I was since glad to find an article on Kinetic Revolution which actually comforted me in my early findings. Indeed the article stated that for easy runs it would not be expected to achieve more than 84-86 strikes per foot, short of the magical 180. However, they did advocate 180 and higher for threshold runs and faster. Trying the pod on an easy run post reading this article did find that I could comfortably maintain 82-85 spm per foot. Fine, I was in the right ball park.
Results for today though (finish time 18m 36s) –
1st km, 3m 35s pace, av. cadence 178
2nd km, 3m 39s, 174
3rd km, 3m 43s, 172
4th km, 3m 50s, 168
5th km, 3m 39s, 168
80m, 2m 24s, 190 (over distance, sprint finish)

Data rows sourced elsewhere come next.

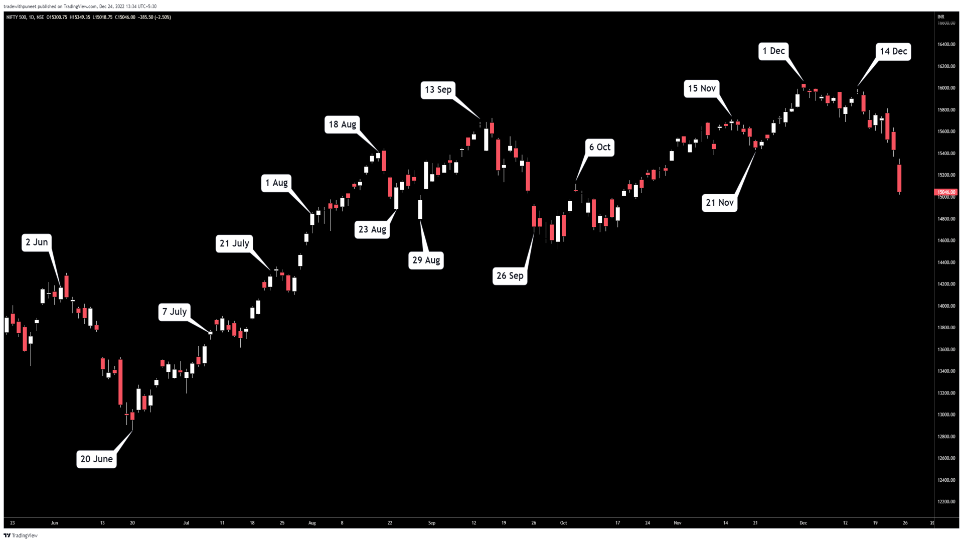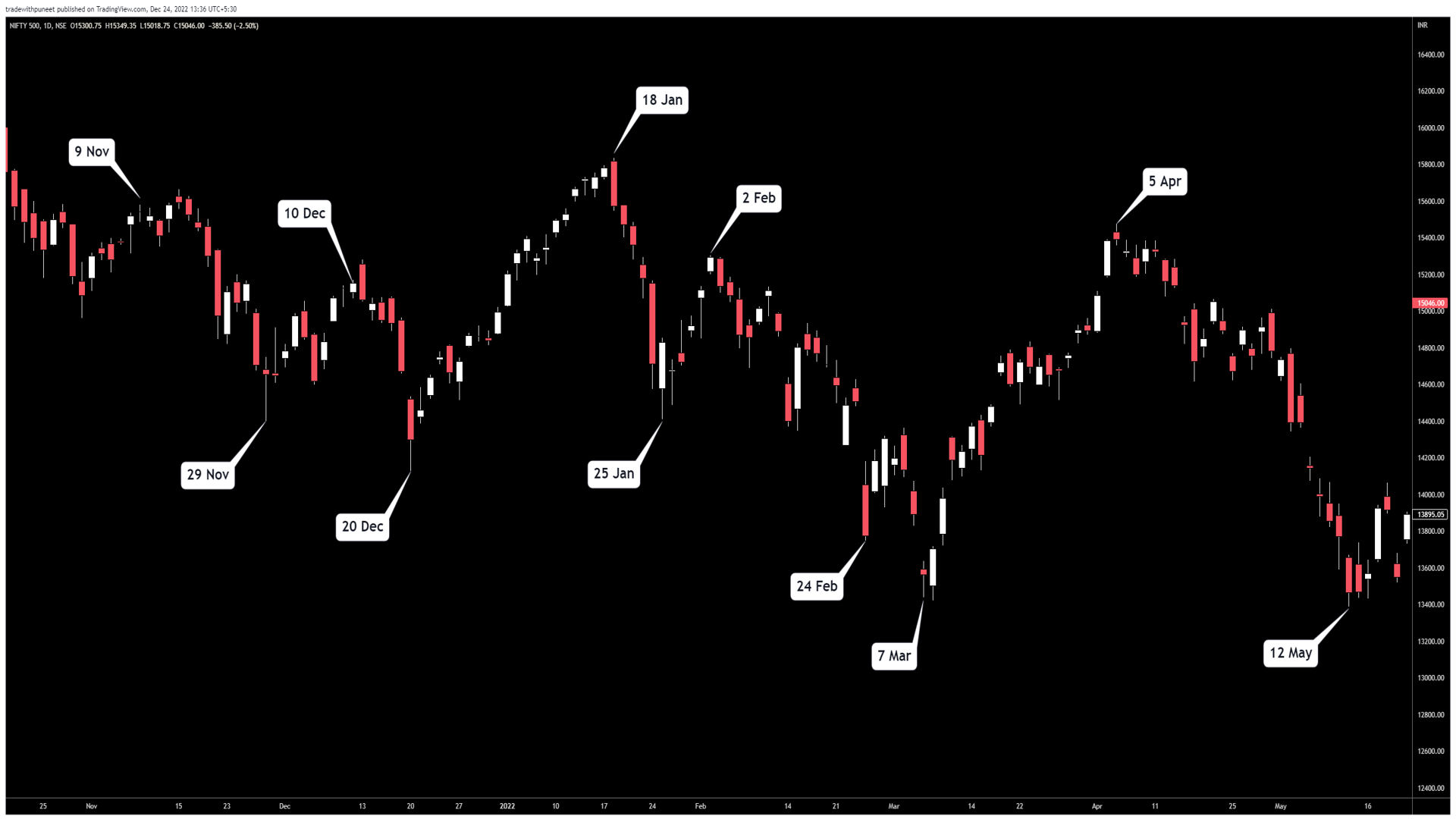 Following is the chart of Nifty500 for the last year, (divided into two parts - Dec 2021 - May 2022, and May 2022 - Dec 2022), marking the dates of turns. Then we have the Market Breadth page from our Dashboard, marking the same dates on the charts.
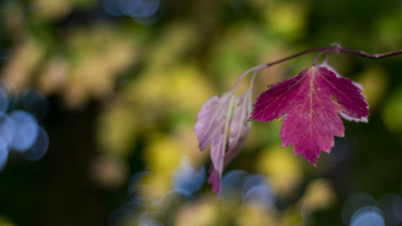 Ein einfaches und wunderschönes Herbstmotiv. Das Hintergrundbild zeigt kein kleines rotes Blatt im Abendlicht.
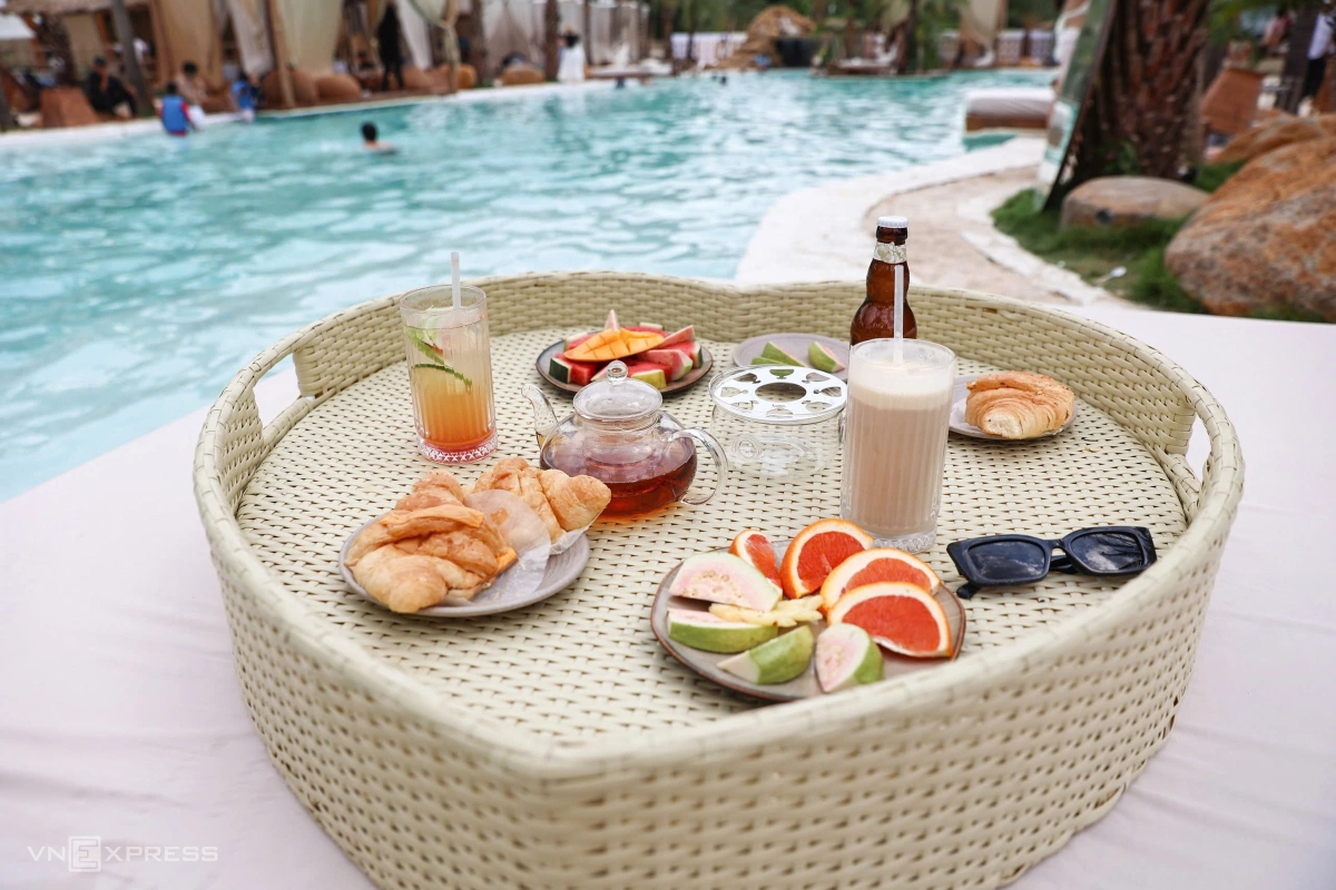Một trong những trải nghiệm được nhiều khách yêu thích tại quán là thưởng thức đồ ăn trên khay nổi giữa hồ bơi. Các món ăn và nước uống được sắp xếp gọn gàng trên khay nổi chuyên dụng, sau đó thả xuống mặt nước. Du khách có thể vừa ngâm mình thư giãn, vừa dùng bữa và chụp ảnh trong không gian mát mẻ, riêng tư.
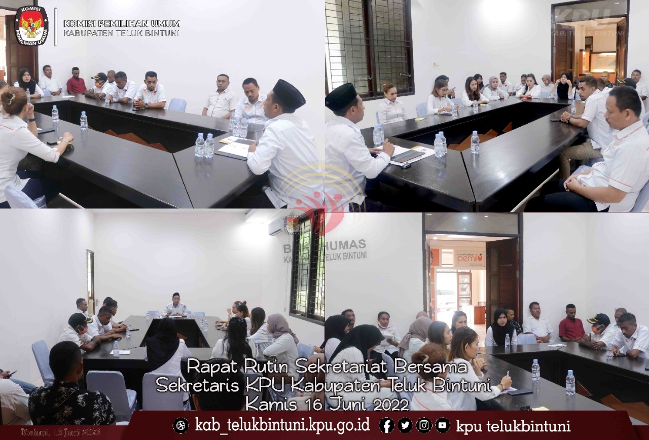#TemanPemilih, KPU Kabupaten Teluk Bintuni melaksanakan Rapat Evaluasi Kinerja sekretariat yang dipimpin oleh Sekretaris KPU Kab. Teluk Bintuni (Syahid Bin Muzaat) dalam rapat tersebut beliau membahas terkait Kedisiplinan, Kreativitas staf dalam menjalankan tugas yang diberikan dan beliau juga menyampaikan akan dilakukan rolling job sehingga para staf bisa bekerja secara efektif dan efisien baik secara permanen maupun sementara. Kamis, 16/6/22.
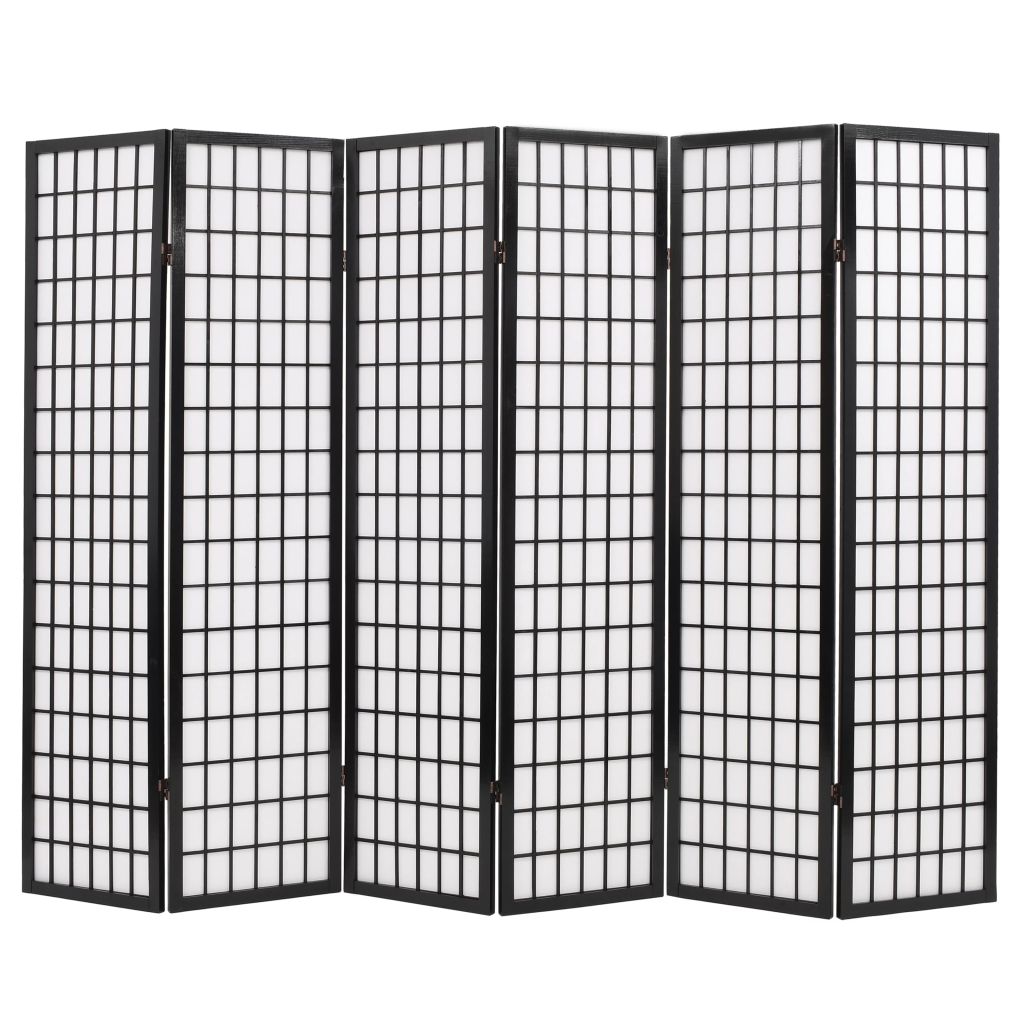 Zložljiv 6-delni paravan japonski stil 240x170 cm črne barve

So the above would suggest I have something to work on. I am falling short of the optimum cadence even in the quickest first km and lose turnover speed as tiredness kicks in and my splits slow. So there is a direct relationship between pace and cadence and presumably if I can work on increasing cadence in sessions in training I can translate that to quicker times in races. Obviously this needs to be in conjunction with improved stamina and general fitness.
The interesting thing is the 2nd and 5th kilometres were both completed in 3m 39s but my cadence was 6 steps lower in the 5th, presumably due to tiredness.
As I get fitter I’ll be looking to review this again as and when I run 5k time trials.